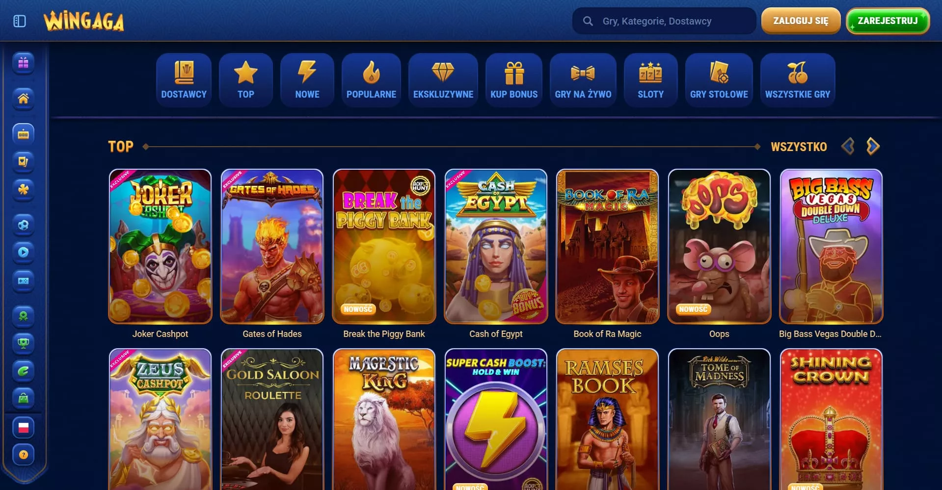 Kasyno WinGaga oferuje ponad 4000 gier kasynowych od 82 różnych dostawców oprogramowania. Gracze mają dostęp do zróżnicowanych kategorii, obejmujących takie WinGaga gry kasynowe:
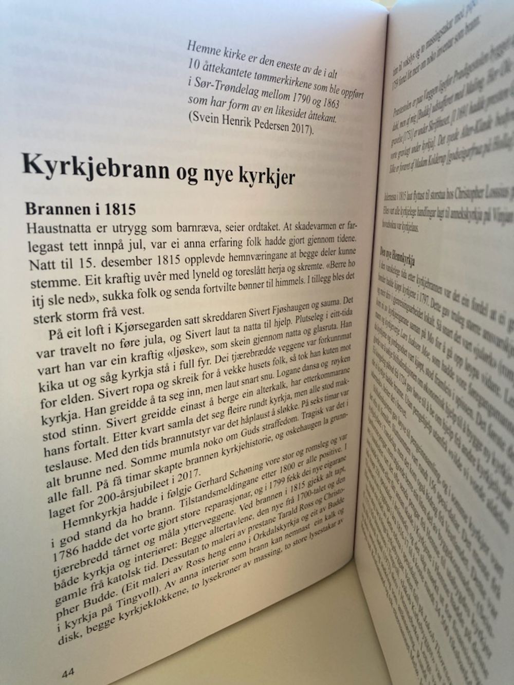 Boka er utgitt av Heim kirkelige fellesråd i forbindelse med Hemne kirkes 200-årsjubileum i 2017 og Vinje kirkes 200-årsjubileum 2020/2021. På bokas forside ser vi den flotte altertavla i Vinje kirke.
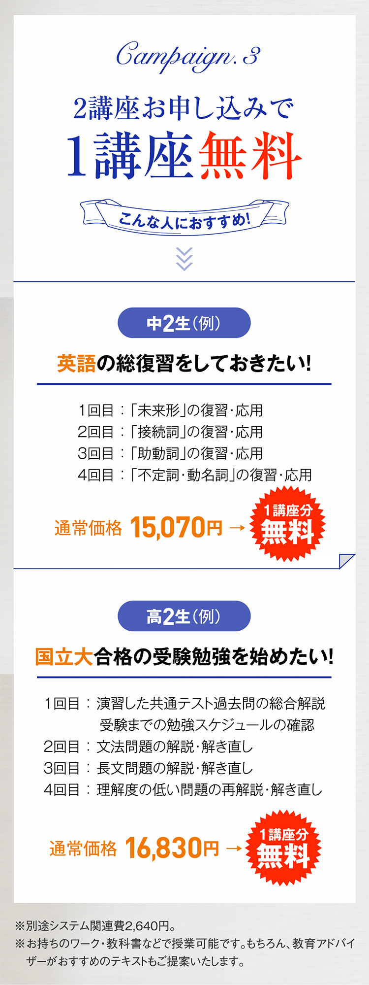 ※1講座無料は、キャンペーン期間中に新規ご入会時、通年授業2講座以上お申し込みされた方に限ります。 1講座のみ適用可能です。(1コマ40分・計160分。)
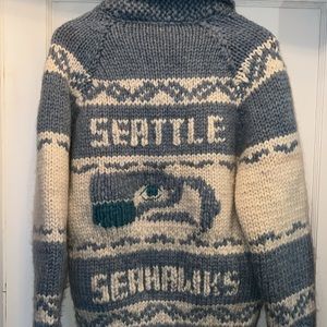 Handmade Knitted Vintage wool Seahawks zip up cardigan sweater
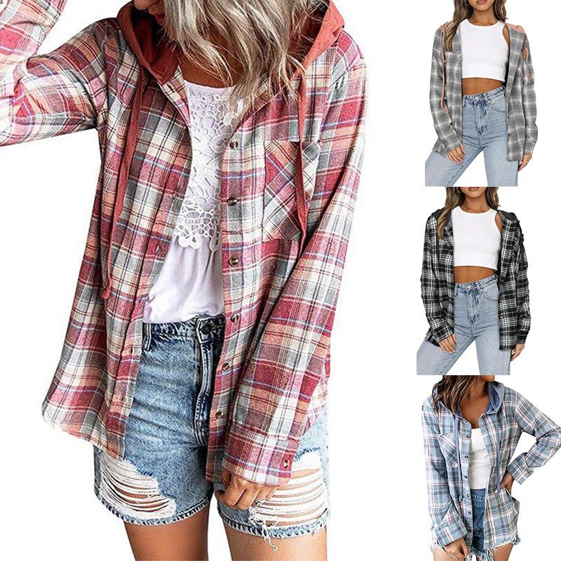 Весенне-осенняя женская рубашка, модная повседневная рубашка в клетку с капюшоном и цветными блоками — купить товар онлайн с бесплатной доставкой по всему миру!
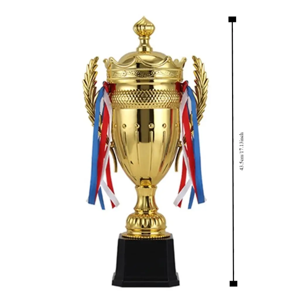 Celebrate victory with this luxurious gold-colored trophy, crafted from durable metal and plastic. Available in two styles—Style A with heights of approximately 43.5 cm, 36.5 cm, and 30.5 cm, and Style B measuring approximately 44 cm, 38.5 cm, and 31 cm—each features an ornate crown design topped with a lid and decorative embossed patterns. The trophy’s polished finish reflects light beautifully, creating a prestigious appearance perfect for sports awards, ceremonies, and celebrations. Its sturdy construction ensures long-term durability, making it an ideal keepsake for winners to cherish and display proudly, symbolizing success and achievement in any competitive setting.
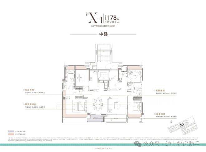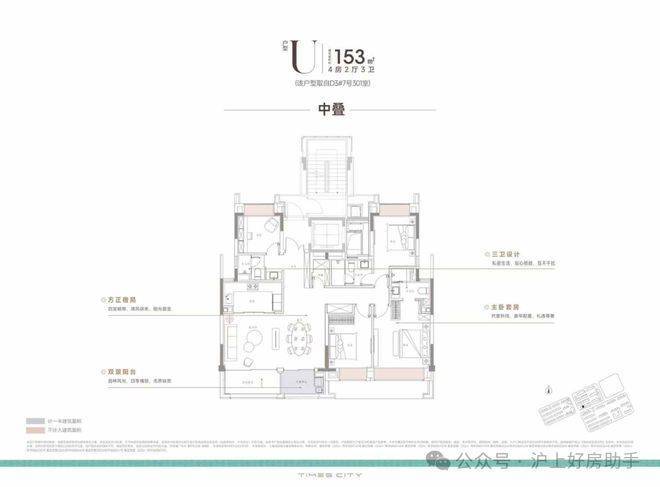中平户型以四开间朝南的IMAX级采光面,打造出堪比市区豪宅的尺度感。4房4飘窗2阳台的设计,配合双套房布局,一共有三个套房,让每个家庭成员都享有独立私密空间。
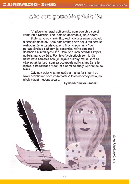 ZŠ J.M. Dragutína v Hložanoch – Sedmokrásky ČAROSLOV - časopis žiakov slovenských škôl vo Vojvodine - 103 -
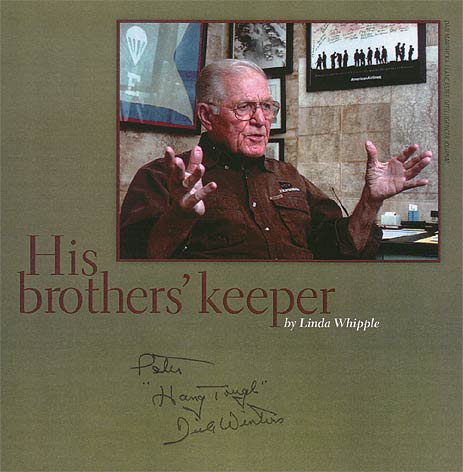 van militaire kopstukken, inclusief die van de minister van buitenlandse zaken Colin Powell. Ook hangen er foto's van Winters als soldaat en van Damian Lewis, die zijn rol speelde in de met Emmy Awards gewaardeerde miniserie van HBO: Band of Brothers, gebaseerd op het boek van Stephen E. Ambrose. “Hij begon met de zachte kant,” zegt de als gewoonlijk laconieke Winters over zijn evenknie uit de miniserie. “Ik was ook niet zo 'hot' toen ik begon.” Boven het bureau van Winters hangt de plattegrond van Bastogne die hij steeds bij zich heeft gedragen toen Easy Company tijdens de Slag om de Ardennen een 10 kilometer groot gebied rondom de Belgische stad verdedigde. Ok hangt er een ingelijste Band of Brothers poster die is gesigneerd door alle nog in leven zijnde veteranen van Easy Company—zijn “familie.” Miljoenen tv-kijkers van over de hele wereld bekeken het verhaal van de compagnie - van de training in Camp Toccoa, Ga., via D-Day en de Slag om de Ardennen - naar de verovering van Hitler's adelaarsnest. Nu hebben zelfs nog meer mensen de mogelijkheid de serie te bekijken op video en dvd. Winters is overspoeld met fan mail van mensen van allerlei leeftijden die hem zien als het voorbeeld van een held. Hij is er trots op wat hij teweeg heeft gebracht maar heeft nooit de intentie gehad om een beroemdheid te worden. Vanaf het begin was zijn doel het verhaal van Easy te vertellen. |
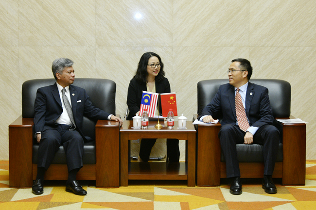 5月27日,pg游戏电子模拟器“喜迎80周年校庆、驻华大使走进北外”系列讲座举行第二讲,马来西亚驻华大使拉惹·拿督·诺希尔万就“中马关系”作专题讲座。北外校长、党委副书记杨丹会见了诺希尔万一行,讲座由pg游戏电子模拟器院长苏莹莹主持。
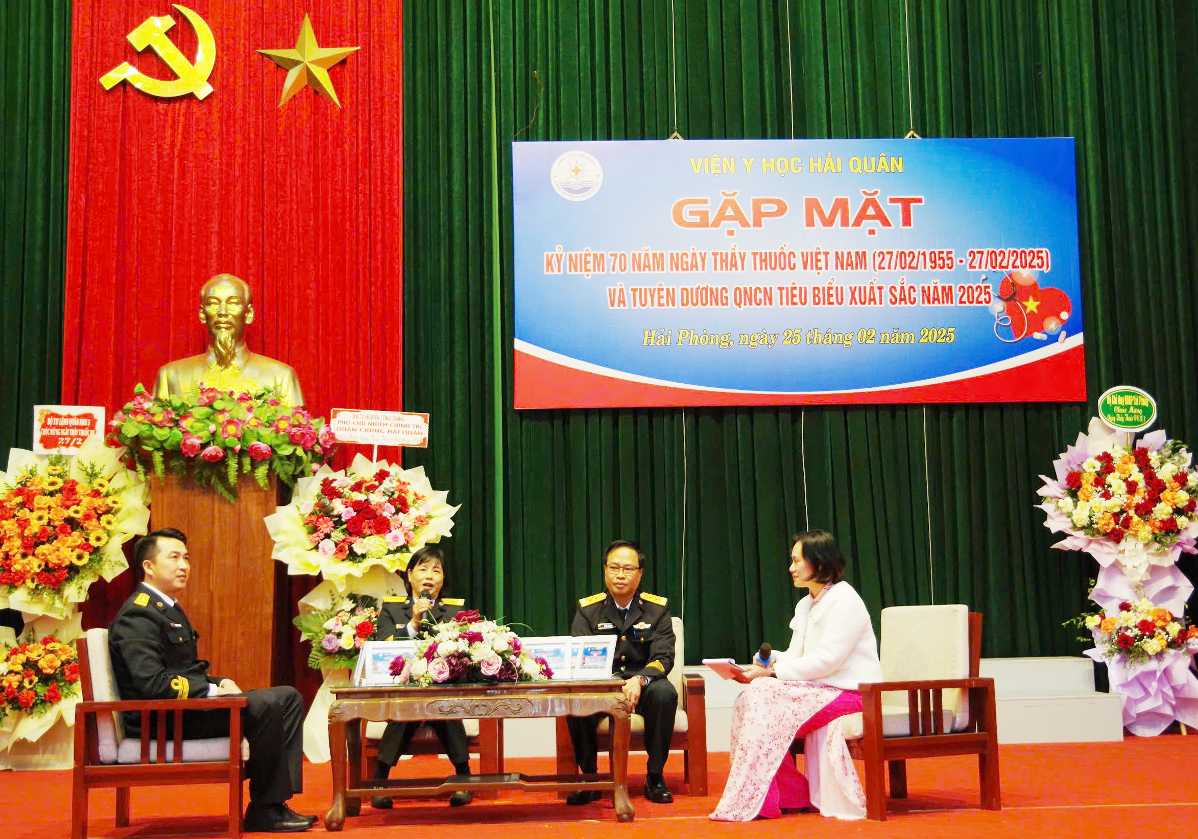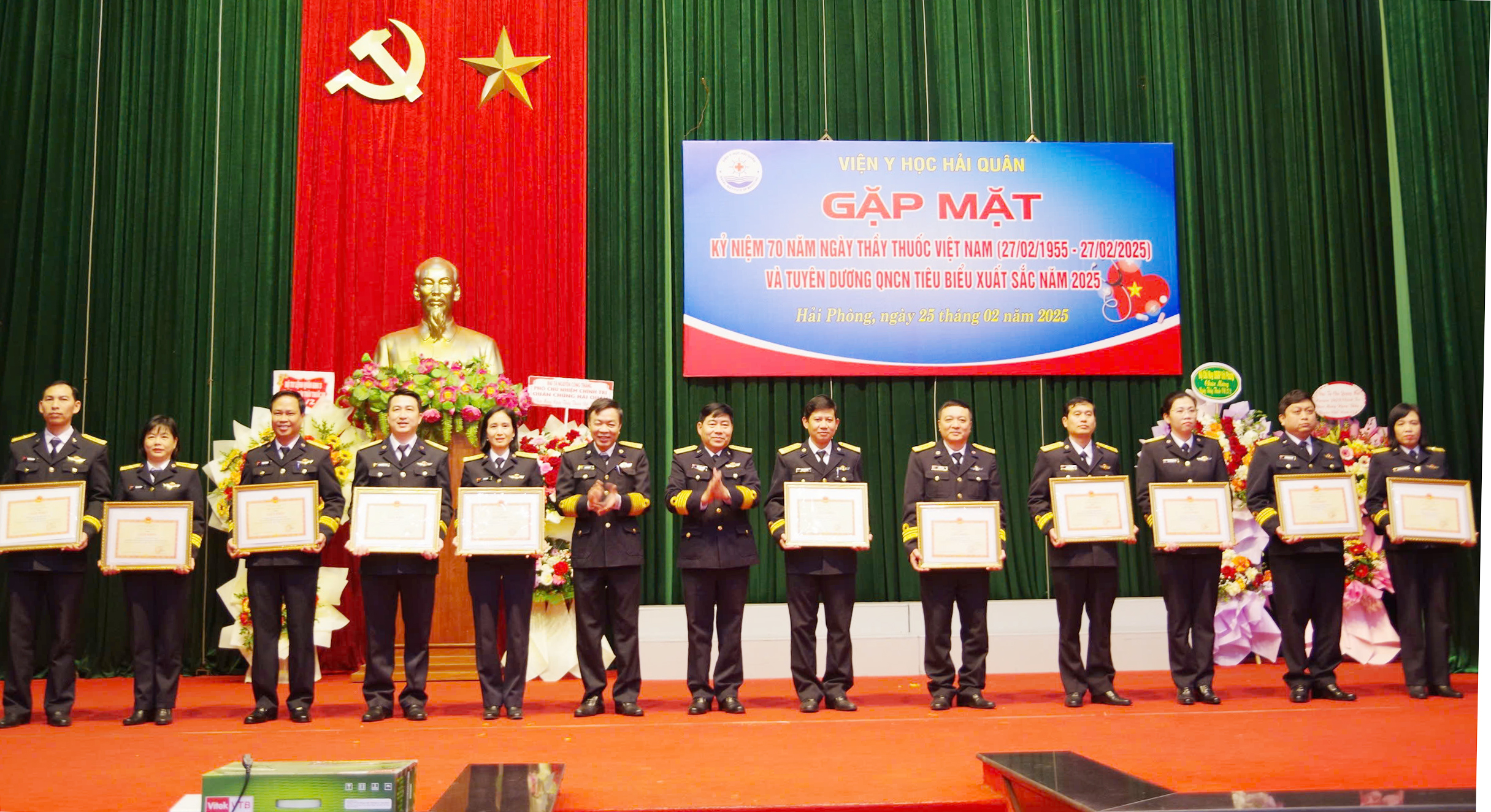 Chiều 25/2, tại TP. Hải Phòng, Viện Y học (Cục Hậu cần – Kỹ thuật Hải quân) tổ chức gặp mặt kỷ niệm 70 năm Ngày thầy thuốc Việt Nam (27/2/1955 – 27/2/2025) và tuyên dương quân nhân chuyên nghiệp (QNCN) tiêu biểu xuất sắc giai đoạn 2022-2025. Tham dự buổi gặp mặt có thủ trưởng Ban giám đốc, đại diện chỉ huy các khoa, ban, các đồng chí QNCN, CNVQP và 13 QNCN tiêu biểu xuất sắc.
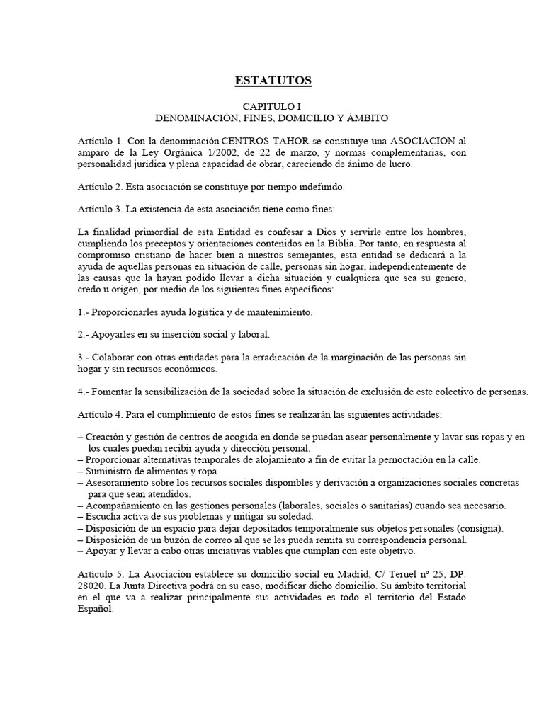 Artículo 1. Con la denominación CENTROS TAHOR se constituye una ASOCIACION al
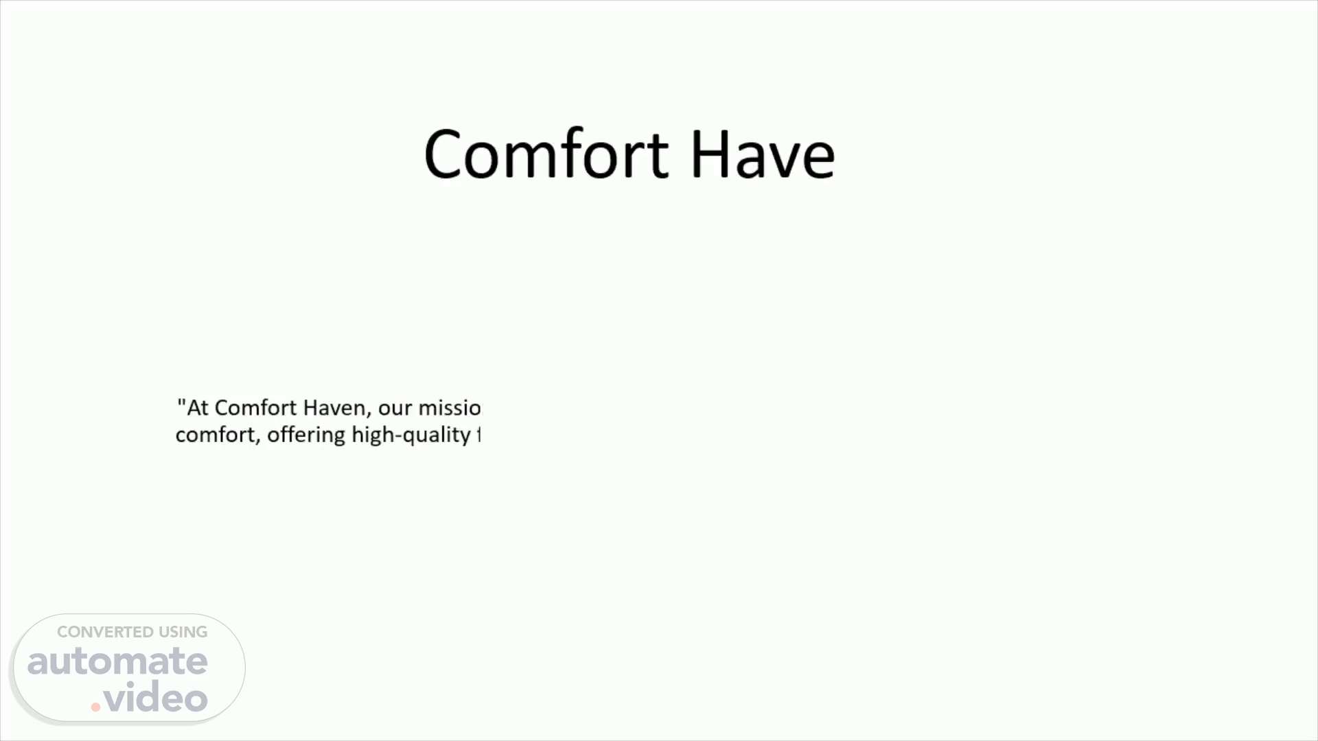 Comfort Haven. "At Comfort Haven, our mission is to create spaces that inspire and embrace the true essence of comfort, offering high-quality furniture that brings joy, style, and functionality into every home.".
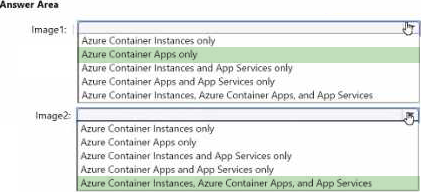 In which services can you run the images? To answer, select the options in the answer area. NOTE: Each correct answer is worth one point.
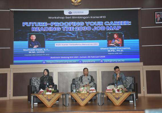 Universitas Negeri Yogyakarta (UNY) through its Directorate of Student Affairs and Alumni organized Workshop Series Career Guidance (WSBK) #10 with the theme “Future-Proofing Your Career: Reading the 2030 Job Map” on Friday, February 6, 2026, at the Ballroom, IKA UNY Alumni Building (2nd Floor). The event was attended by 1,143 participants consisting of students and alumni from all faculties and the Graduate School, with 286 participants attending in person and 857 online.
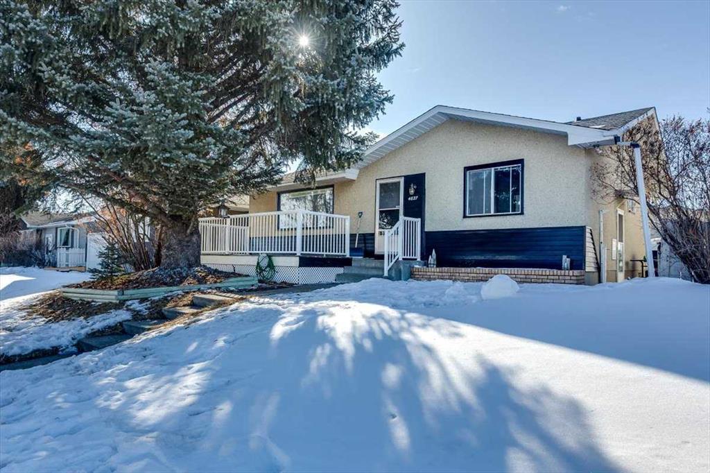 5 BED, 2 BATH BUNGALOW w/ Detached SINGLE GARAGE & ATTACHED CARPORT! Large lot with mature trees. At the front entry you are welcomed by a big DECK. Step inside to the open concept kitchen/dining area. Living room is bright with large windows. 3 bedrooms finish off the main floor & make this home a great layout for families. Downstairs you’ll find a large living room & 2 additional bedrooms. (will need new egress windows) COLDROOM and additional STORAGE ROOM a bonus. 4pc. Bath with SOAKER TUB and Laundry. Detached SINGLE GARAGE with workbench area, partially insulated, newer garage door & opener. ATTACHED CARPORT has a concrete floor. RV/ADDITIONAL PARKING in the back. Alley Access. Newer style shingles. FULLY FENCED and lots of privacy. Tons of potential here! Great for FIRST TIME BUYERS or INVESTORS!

Work order:
Word for word, repeat each line of the records, and leave every image out.

Final answer:
 Kasyno WinGaga oferuje ponad 4000 gier kasynowych od 82 różnych dostawców oprogramowania. Gracze mają dostęp do zróżnicowanych kategorii, obejmujących takie WinGaga gry kasynowe:
 Boka er utgitt av Heim kirkelige fellesråd i forbindelse med Hemne kirkes 200-årsjubileum i 2017 og Vinje kirkes 200-årsjubileum 2020/2021. På bokas forside ser vi den flotte altertavla i Vinje kirke.
 ※1講座無料は、キャンペーン期間中に新規ご入会時、通年授業2講座以上お申し込みされた方に限ります。 1講座のみ適用可能です。(1コマ40分・計160分。)
 Handmade Knitted Vintage wool Seahawks zip up cardigan sweater
 Весенне-осенняя женская рубашка, модная повседневная рубашка в клетку с капюшоном и цветными блоками — купить товар онлайн с бесплатной доставкой по всему миру!
 Celebrate victory with this luxurious gold-colored trophy, crafted from durable metal and plastic. Available in two styles—Style A with heights of approximately 43.5 cm, 36.5 cm, and 30.5 cm, and Style B measuring approximately 44 cm, 38.5 cm, and 31 cm—each features an ornate crown design topped with a lid and decorative embossed patterns. The trophy’s polished finish reflects light beautifully, creating a prestigious appearance perfect for sports awards, ceremonies, and celebrations. Its sturdy construction ensures long-term durability, making it an ideal keepsake for winners to cherish and display proudly, symbolizing success and achievement in any competitive setting.
中平户型以四开间朝南的IMAX级采光面,打造出堪比市区豪宅的尺度感。4房4飘窗2阳台的设计,配合双套房布局,一共有三个套房,让每个家庭成员都享有独立私密空间。
 ZŠ J.M. Dragutína v Hložanoch – Sedmokrásky ČAROSLOV - časopis žiakov slovenských škôl vo Vojvodine - 103 -
 van militaire kopstukken, inclusief die van de minister van buitenlandse zaken Colin Powell. Ook hangen er foto's van Winters als soldaat en van Damian Lewis, die zijn rol speelde in de met Emmy Awards gewaardeerde miniserie van HBO: Band of Brothers, gebaseerd op het boek van Stephen E. Ambrose. “Hij begon met de zachte kant,” zegt de als gewoonlijk laconieke Winters over zijn evenknie uit de miniserie. “Ik was ook niet zo 'hot' toen ik begon.” Boven het bureau van Winters hangt de plattegrond van Bastogne die hij steeds bij zich heeft gedragen toen Easy Company tijdens de Slag om de Ardennen een 10 kilometer groot gebied rondom de Belgische stad verdedigde. Ok hangt er een ingelijste Band of Brothers poster die is gesigneerd door alle nog in leven zijnde veteranen van Easy Company—zijn “familie.” Miljoenen tv-kijkers van over de hele wereld bekeken het verhaal van de compagnie - van de training in Camp Toccoa, Ga., via D-Day en de Slag om de Ardennen - naar de verovering van Hitler's adelaarsnest. Nu hebben zelfs nog meer mensen de mogelijkheid de serie te bekijken op video en dvd. Winters is overspoeld met fan mail van mensen van allerlei leeftijden die hem zien als het voorbeeld van een held. Hij is er trots op wat hij teweeg heeft gebracht maar heeft nooit de intentie gehad om een beroemdheid te worden. Vanaf het begin was zijn doel het verhaal van Easy te vertellen. |
 5月27日,pg游戏电子模拟器“喜迎80周年校庆、驻华大使走进北外”系列讲座举行第二讲,马来西亚驻华大使拉惹·拿督·诺希尔万就“中马关系”作专题讲座。北外校长、党委副书记杨丹会见了诺希尔万一行,讲座由pg游戏电子模拟器院长苏莹莹主持。
 Chiều 25/2, tại TP. Hải Phòng, Viện Y học (Cục Hậu cần – Kỹ thuật Hải quân) tổ chức gặp mặt kỷ niệm 70 năm Ngày thầy thuốc Việt Nam (27/2/1955 – 27/2/2025) và tuyên dương quân nhân chuyên nghiệp (QNCN) tiêu biểu xuất sắc giai đoạn 2022-2025. Tham dự buổi gặp mặt có thủ trưởng Ban giám đốc, đại diện chỉ huy các khoa, ban, các đồng chí QNCN, CNVQP và 13 QNCN tiêu biểu xuất sắc.
 Artículo 1. Con la denominación CENTROS TAHOR se constituye una ASOCIACION al
 Comfort Haven. "At Comfort Haven, our mission is to create spaces that inspire and embrace the true essence of comfort, offering high-quality furniture that brings joy, style, and functionality into every home.".
 In which services can you run the images? To answer, select the options in the answer area. NOTE: Each correct answer is worth one point.
 Universitas Negeri Yogyakarta (UNY) through its Directorate of Student Affairs and Alumni organized Workshop Series Career Guidance (WSBK) #10 with the theme “Future-Proofing Your Career: Reading the 2030 Job Map” on Friday, February 6, 2026, at the Ballroom, IKA UNY Alumni Building (2nd Floor). The event was attended by 1,143 participants consisting of students and alumni from all faculties and the Graduate School, with 286 participants attending in person and 857 online.
 5 BED, 2 BATH BUNGALOW w/ Detached SINGLE GARAGE & ATTACHED CARPORT! Large lot with mature trees. At the front entry you are welcomed by a big DECK. Step inside to the open concept kitchen/dining area. Living room is bright with large windows. 3 bedrooms finish off the main floor & make this home a great layout for families. Downstairs you’ll find a large living room & 2 additional bedrooms. (will need new egress windows) COLDROOM and additional STORAGE ROOM a bonus. 4pc. Bath with SOAKER TUB and Laundry. Detached SINGLE GARAGE with workbench area, partially insulated, newer garage door & opener. ATTACHED CARPORT has a concrete floor. RV/ADDITIONAL PARKING in the back. Alley Access. Newer style shingles. FULLY FENCED and lots of privacy. Tons of potential here! Great for FIRST TIME BUYERS or INVESTORS!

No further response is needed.